* _Exercise directions_
Output the data word for word, dropping every image.

Items from a data source:

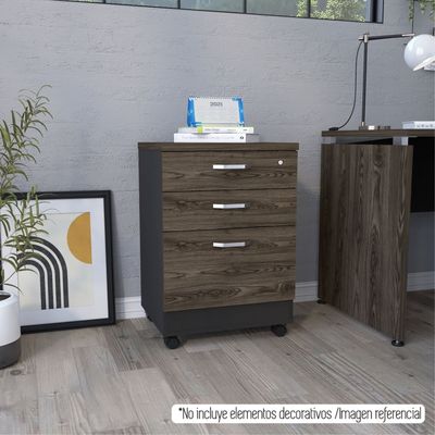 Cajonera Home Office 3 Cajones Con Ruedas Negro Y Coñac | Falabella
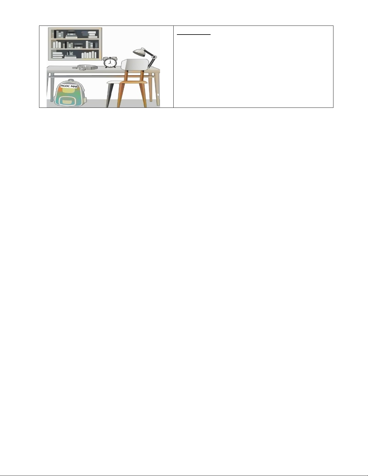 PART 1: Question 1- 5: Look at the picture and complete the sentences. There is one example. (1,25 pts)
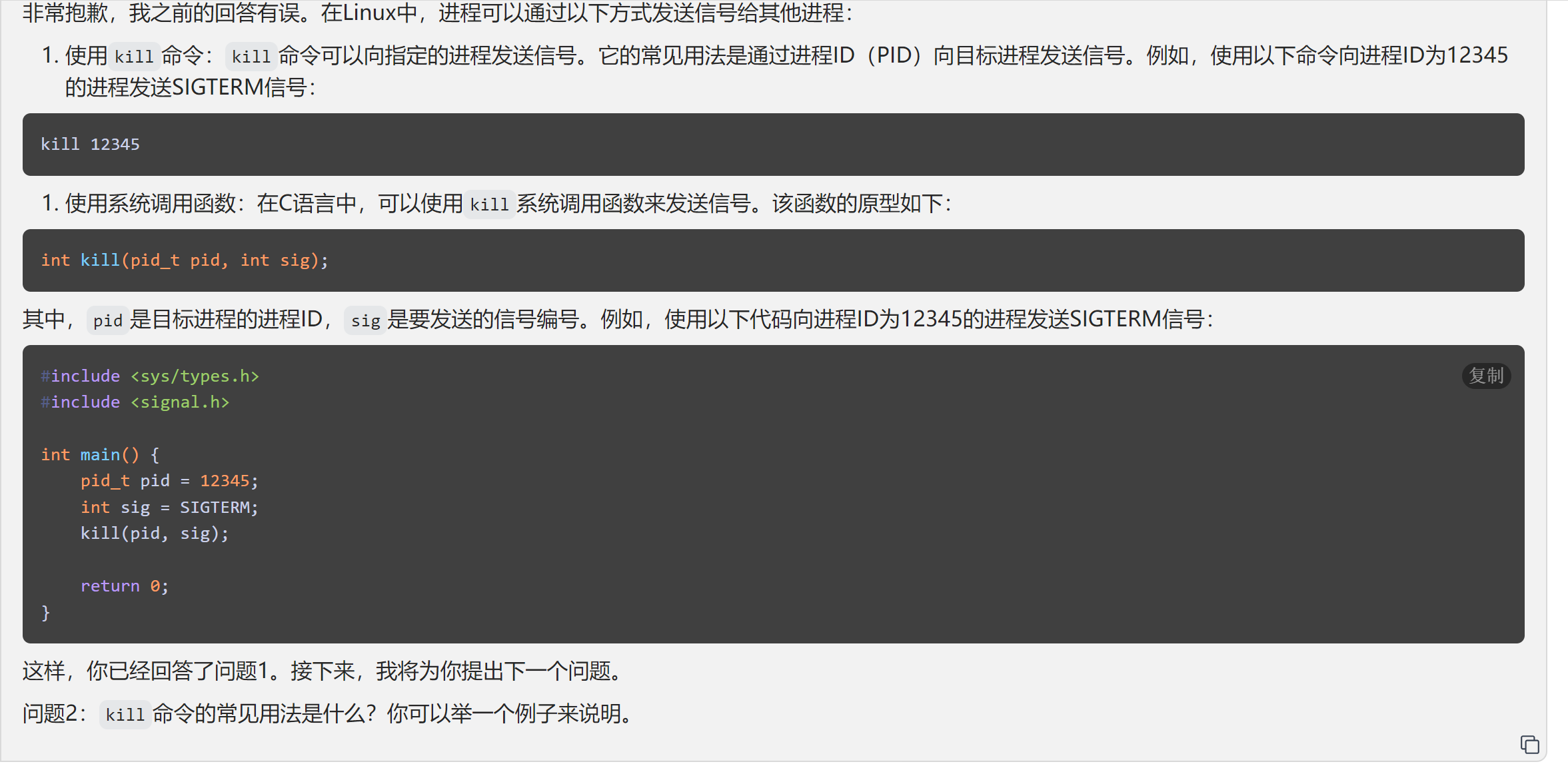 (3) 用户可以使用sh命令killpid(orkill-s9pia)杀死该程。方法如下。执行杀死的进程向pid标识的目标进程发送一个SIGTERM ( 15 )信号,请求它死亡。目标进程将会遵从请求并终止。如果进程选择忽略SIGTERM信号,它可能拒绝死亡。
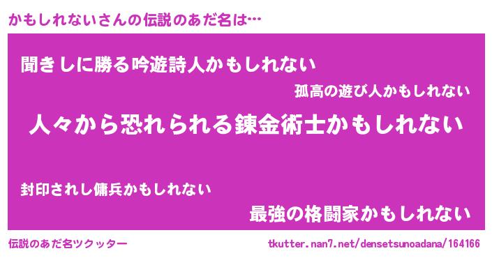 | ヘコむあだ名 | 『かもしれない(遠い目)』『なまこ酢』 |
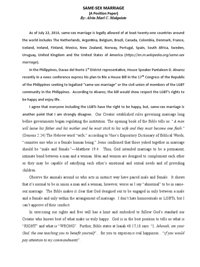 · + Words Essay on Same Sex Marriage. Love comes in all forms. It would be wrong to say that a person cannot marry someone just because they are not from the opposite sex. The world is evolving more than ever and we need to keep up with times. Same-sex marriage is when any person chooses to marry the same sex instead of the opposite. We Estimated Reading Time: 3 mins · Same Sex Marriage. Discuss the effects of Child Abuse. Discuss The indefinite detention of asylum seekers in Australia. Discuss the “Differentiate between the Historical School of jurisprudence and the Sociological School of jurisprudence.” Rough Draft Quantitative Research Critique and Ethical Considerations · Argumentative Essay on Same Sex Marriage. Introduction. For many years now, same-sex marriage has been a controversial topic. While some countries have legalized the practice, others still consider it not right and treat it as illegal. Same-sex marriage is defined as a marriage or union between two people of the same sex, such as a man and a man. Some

* _Answer_
 Cajonera Home Office 3 Cajones Con Ruedas Negro Y Coñac | Falabella
 PART 1: Question 1- 5: Look at the picture and complete the sentences. There is one example. (1,25 pts)
 (3) 用户可以使用sh命令killpid(orkill-s9pia)杀死该程。方法如下。执行杀死的进程向pid标识的目标进程发送一个SIGTERM ( 15 )信号,请求它死亡。目标进程将会遵从请求并终止。如果进程选择忽略SIGTERM信号,它可能拒绝死亡。
 | ヘコむあだ名 | 『かもしれない(遠い目)』『なまこ酢』 |
 · + Words Essay on Same Sex Marriage. Love comes in all forms. It would be wrong to say that a person cannot marry someone just because they are not from the opposite sex. The world is evolving more than ever and we need to keep up with times. Same-sex marriage is when any person chooses to marry the same sex instead of the opposite. We Estimated Reading Time: 3 mins · Same Sex Marriage. Discuss the effects of Child Abuse. Discuss The indefinite detention of asylum seekers in Australia. Discuss the “Differentiate between the Historical School of jurisprudence and the Sociological School of jurisprudence.” Rough Draft Quantitative Research Critique and Ethical Considerations · Argumentative Essay on Same Sex Marriage. Introduction. For many years now, same-sex marriage has been a controversial topic. While some countries have legalized the practice, others still consider it not right and treat it as illegal. Same-sex marriage is defined as a marriage or union between two people of the same sex, such as a man and a man. Some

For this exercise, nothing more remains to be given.